I have the bank data of around 4 years of different branches. I am trying to predict number of rows in daily and hourly level. I have issue_datetime (year, month, day, hour) as important features. I applied different regression techniques (linear, decision trees, random forest, xgb) using graph lab but could not get better accuracy. I was also thinking to set the threshold based on past data like taking the mean of counts in daily, monthly level after removing outliers and set that as a threshold. What is the best approach?

Has QUIT--Anony-Mousse
  • 76,138
  • 12
  • 138
  • 194
user1584253
  • 975
  • 2
  • 18
  • 55
  • 3
    Because `What is the best approach?` cannot be answered meaningfully. And even if someone tries to, the answer would be highly speculative. All in all off-topic for stackoverflow. – cel Jan 20 '17 at 08:18
  • I agree with @cel. But I think before trying to make predictions trying to get rid of your seasonality patterns may help improving your prediction. – Shobeir Jan 20 '17 at 08:29
  • I am open to suggestions also like is there any other way to achieve this task? – user1584253 Jan 20 '17 at 08:30
  • This question would be better suited on http://datascience.stackexchange.com/ . That being said: you are basically trying to model a behavior, and you will want to test different models. I have once solved a similar question (varying intensities over time) with Fourier analysis (and in that cased it worked very well). Fourier presuposses that the observed intensities are caused by stacked periodical events. – S van Balen Jan 20 '17 at 09:55
  • Get a **book** on time series prediction. We can't put all this information in an answer here. – Has QUIT--Anony-Mousse Jan 21 '17 at 08:59

1 Answers1

1

Since you have 1d time series data, it should be relatively easy to graph your data and look for interesting patterns.
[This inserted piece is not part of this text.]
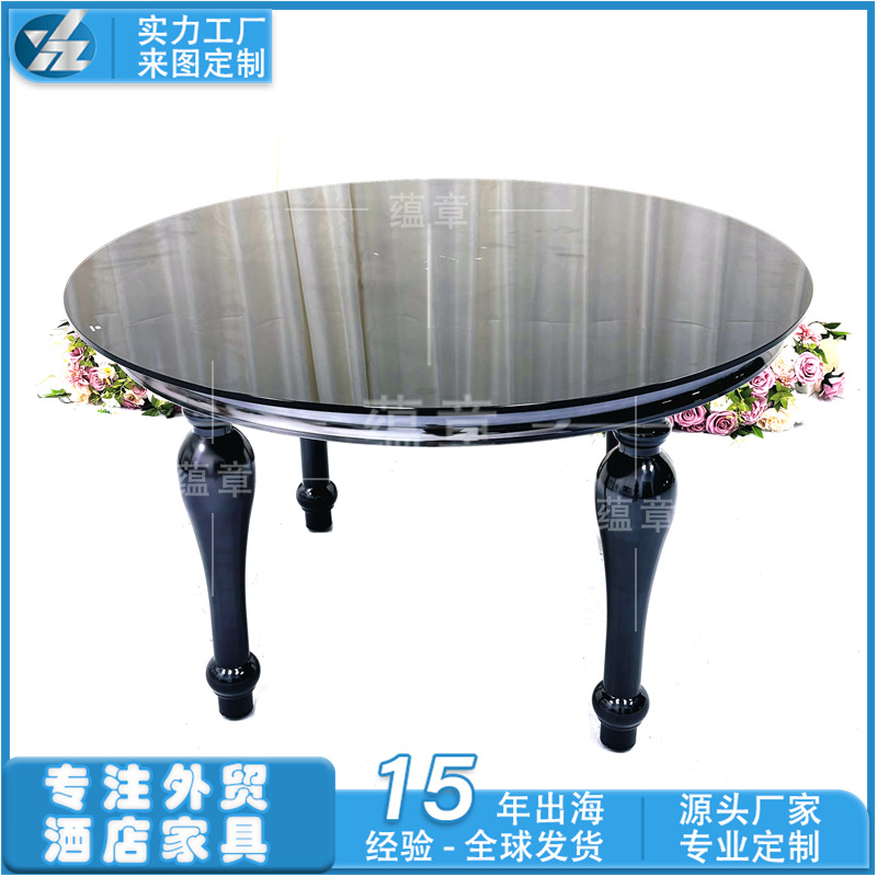 工場卸売ステンレス鋼ダイニングテーブルホテル結婚式黒ラウンドテーブルホームレストランテーブル黒チタンラウンドウェディングテーブル
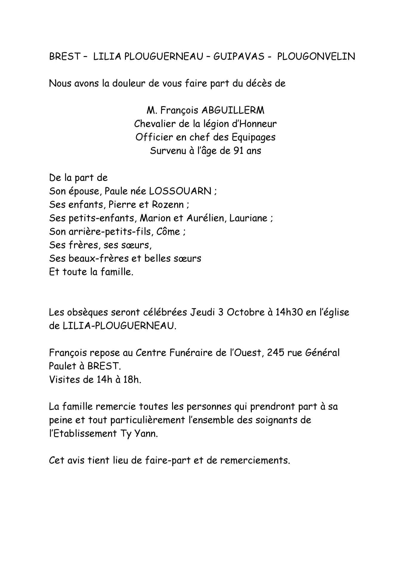 Cet espace « condoléances » est dédié à la mémoire de Monsieur François ABGUILLERM.

Once you establish that there are some non-stationary aspects to your data, the class of models you are probably wanting to check out first are auto-regressive models, possibly with seasonal additions. ARIMA models are pretty standard for time-series data. http://www.seanabu.com/2016/03/22/time-series-seasonal-ARIMA-model-in-python/

Him
  • 5,257
  • 3
  • 26
  • 83